Select a short passage (3-5 sentences) from a classroom reading, focusing on an excerpt that illustrates clear functions or rhetorical purposes. For example, in my current IRW composition course, we recently looked at this short paragraph from Elizabeth Wardle’s article “You Can Learn to Write in General,” from the open-source text Bad Ideas about Writing:

 

There is no writing in general, and thus no single class or workshop or experience can teach people to write, once and for all. But people want to believe that it’s possible to write in general because this belief makes writing seem less difficult and allows them to believe that writers can get a one-time writing inoculation that will extend across all settings. If this is the case, then non-English teachers and employers are off the hook; they don’t have to help students learn to write in their classrooms or workplaces, they can just criticize writers for not being able to meet their expectations— and criticize English teachers for not doing their jobs.  (31)

 

As my class discussed this passage in the context of the entire essay, we looked at what the three sentences accomplish rhetorically. Sentence one, for example, presents a strong claim (“There is no writing in general”) and follows with the consequences of that claim (“and thus…”). The second sentence introduces a contrasting belief (“But…”), followed by a reason (“because…”). The final sentence looks at the implications of accepting the alternative (“if…then…”), adding additional ideas via a semicolon and a dash. 

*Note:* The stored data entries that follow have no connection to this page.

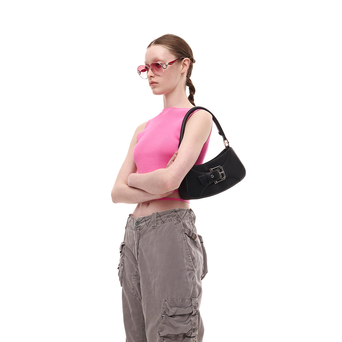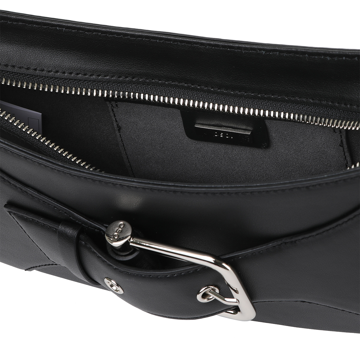 The design was developed based on the main hardware of the BROCLE series, the "buckle", and it is a round square shape bag that feels solid and stable. The buckle, which adds an accent to the image of a belt, is the signature decoration of the BROCLE seri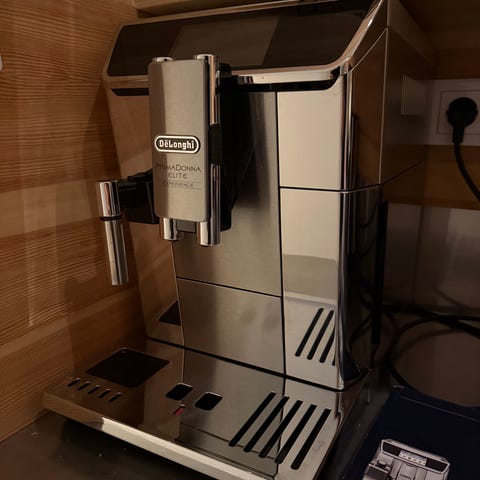 DeLonghi Dinamica Plus (370.95) Espressomaskin i silverfärg och gott skick. Utrustad med en mjölkskummare för att göra cappuccino och latte. Kompakt design med digital display och flera brygginställningar som även kan ändras för att passa den personliga smaken. Flera användare kan programmera maskinen för sin smak. Köpt på Tretti.se för 7.900:- för två år sedan. Kvitto finns. Nyservad.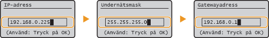 Ange inställningarna i följande ordning: <IP-adress>  <Delnätsmask>  <Gatewayadress>.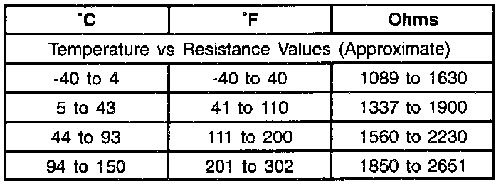 WSS Temperature Vs. Sensor Resistance (2WD And 4WD Only):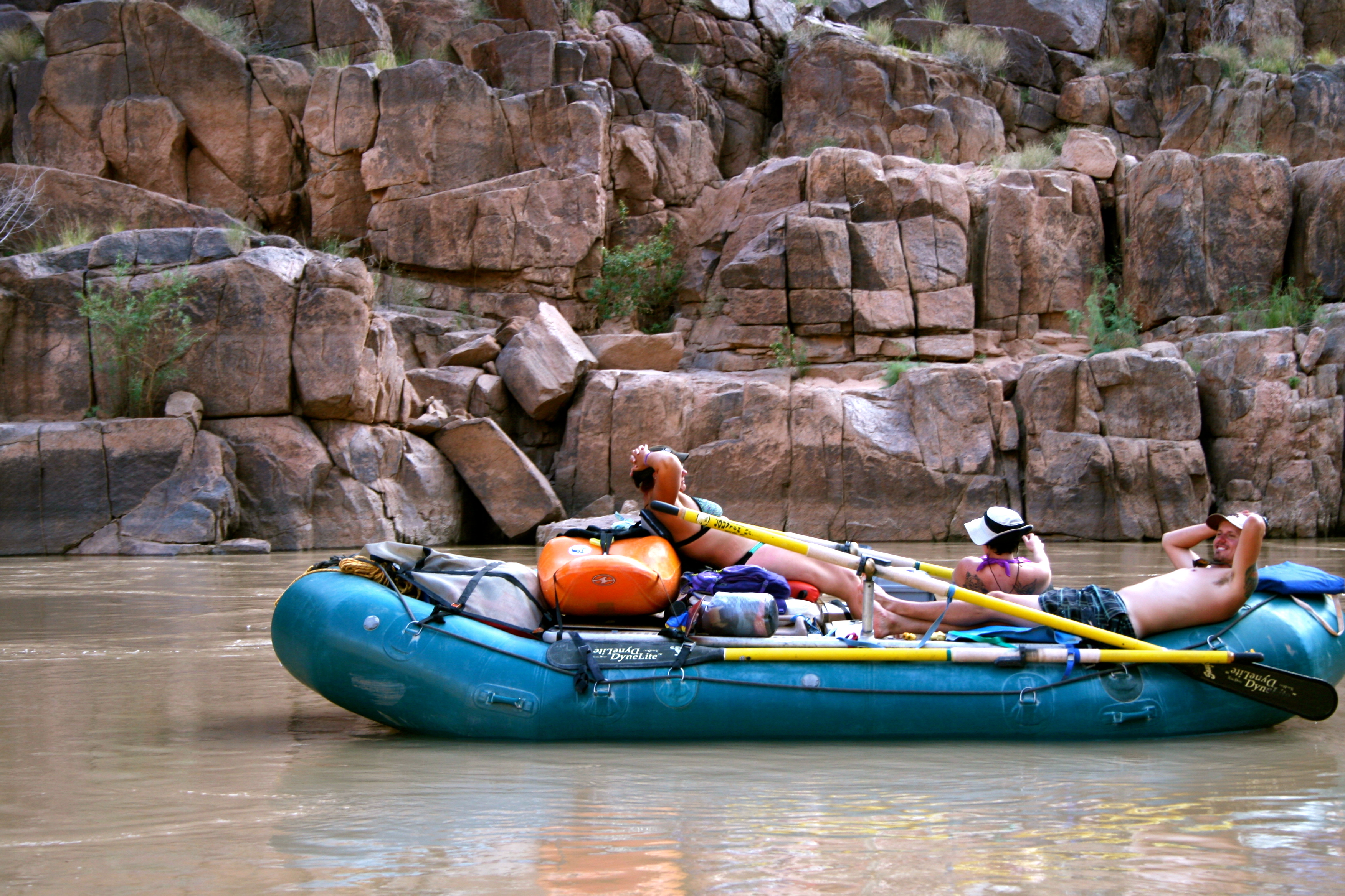 After house our collective confidence in our rowing ability was up, but it would still be tested several more times before we were done. Nearly everyone got some time on the oars and by the end we had a few people who were getting pretty good at it. (Disclaimer: when I say pretty good at rowing I mean compared to the rest of us. I haven’t spent much time around oar boats nor do I really know anything about them so what constitutes good at rowing in general I do not know.) In the beginning those of us who brought kayaks were discussing at the start of each day who “gets” to kayak and who “has” to row. By the end it was more who “gets” to row. For the flat water the raft was definitely the place to be. You could have easy access to food, water, beer, music, and tanning. You could stand up and walk around on the raft or roll out a paco pad and nap. If you were in a kayak you had to paddle to shore and pull all your crap out any time you wanted something and you can’t carry nearly as many beers with you. After a few days the rapids became almost an inconvenience. In the beginning I was stoked for the rapids and just thought I had to get through the flats, but after a few days it was the other way around. This trip is all about the place and the experience. Not so much the big rapids. Don’t worry there are plenty of big rapids but after a few days they’re all the same. The features are enormous but if you’re a skilled kayaker they’re so easy that after a few the novelty of their size wears off and there is no challenge. It is fun to paddle a play boat up a wave where you can take 5 strokes up the face and do a huge wave wheel off the top though.

This analysis led to a simple discussion of different ways to express frustration, especially frustration in relation to mistaken ideas. Instead of screeching, “That’s wrong,” Wardle’s paragraph illustrates a formal and more “academic” means of confronting a false or mistaken belief.

Next, I asked students to think about statements or expectations suggesting mistaken assumptions that they hear (particularly in college or work situations), and to create a paragraph expressing their frustration, following Wardle’s model:

There is no _________________, and so ____________________.  But _______________ because _______________________.  If ___________, then _________________; _____________________--__________________.

 

Students worked on the project in groups, producing paragraphs similar to this one:

 

There is no way we can get so much homework done so fast, and thus teachers can’t expect us to finish everything completely.  But teachers want to believe that major assignments can be done in a day or two because they think we students don’t have lives and jobs outside of school.  If this was true, then maybe we should have all assignments done before the next class; teachers could also lecture us about how we don’t listen or how we make excuses--and even make us hate coming to class.

 

Once student groups generated their paragraphs, we did some large group editing for spelling, agreements, and mechanics.  But each group was able to complete a thought-provoking paragraph with effective sentence structure, using the functions and sentence patterns we found in Wardle’s original.  

 

This activity builds confidence for students, and in this particular case, it also allowed me to hear and affirm the struggles they have regarding academic expectations of them:  in addition to typical student complaints about the amount of time and work expected from them, students also commented on frustrations with feedback and criticism, the stress of comprehensive and high-stakes testing, difficulties talking with faculty, and the sense that faculty are offended when students aren’t 100% engaged in every class. The large-group editing and review of the paragraphs led to a frank discussion about strategies for dealing with mismatches between faculty and students. We didn’t resolve all the frustrations, but student perspectives were seen, heard, and validated.

 

What are your strategies for helping multilingual writers build confidence using different sentence structures?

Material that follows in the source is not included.